* THE PROBLEM *
In your copy of the data, keep every word exact and include no pictures.

----- INFORMATION SUPPLIED -----

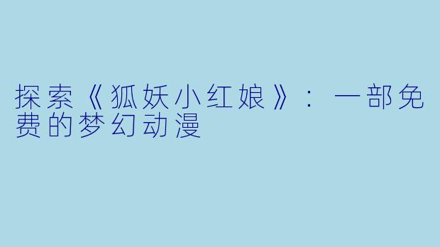 探索《狐妖小红娘》:一部免费的梦幻动漫
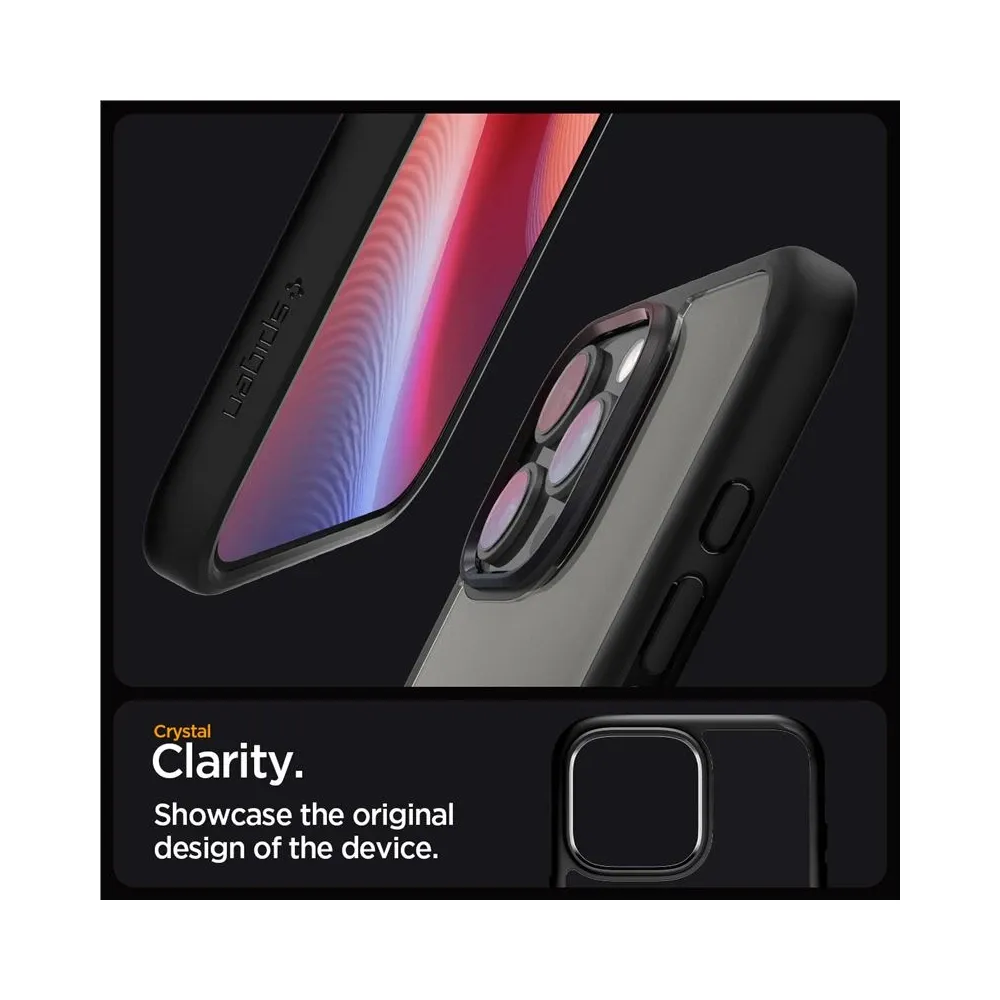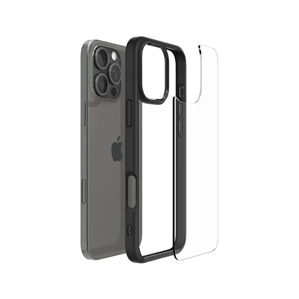 Minimalistický, odolný a dokonale padnúci - Spigen Ultra Hybrid Matte Black pre iPhone 16 Pro Max kombinuje číry zadný panel s matným čiernym rámom. Chráni tvoj iPhone pri pádoch aj každodennom používaní, pritom zachováva jeho pôvodný design a podporuje bezdrôtové nabíjanie.
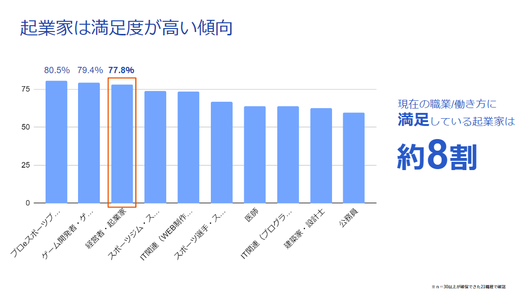 ・「今の仕事に満足しているか」という問いに対して「とても満足している、まあ満足している」と回答した起業家は77.8%で全体の3位、起業家になった人の満足度は高い傾向にあることがわかりました

-----

* SOLUTION TO THIS TASK *
 探索《狐妖小红娘》:一部免费的梦幻动漫
 Minimalistický, odolný a dokonale padnúci - Spigen Ultra Hybrid Matte Black pre iPhone 16 Pro Max kombinuje číry zadný panel s matným čiernym rámom. Chráni tvoj iPhone pri pádoch aj každodennom používaní, pritom zachováva jeho pôvodný design a podporuje bezdrôtové nabíjanie.
 ・「今の仕事に満足しているか」という問いに対して「とても満足している、まあ満足している」と回答した起業家は77.8%で全体の3位、起業家になった人の満足度は高い傾向にあることがわかりました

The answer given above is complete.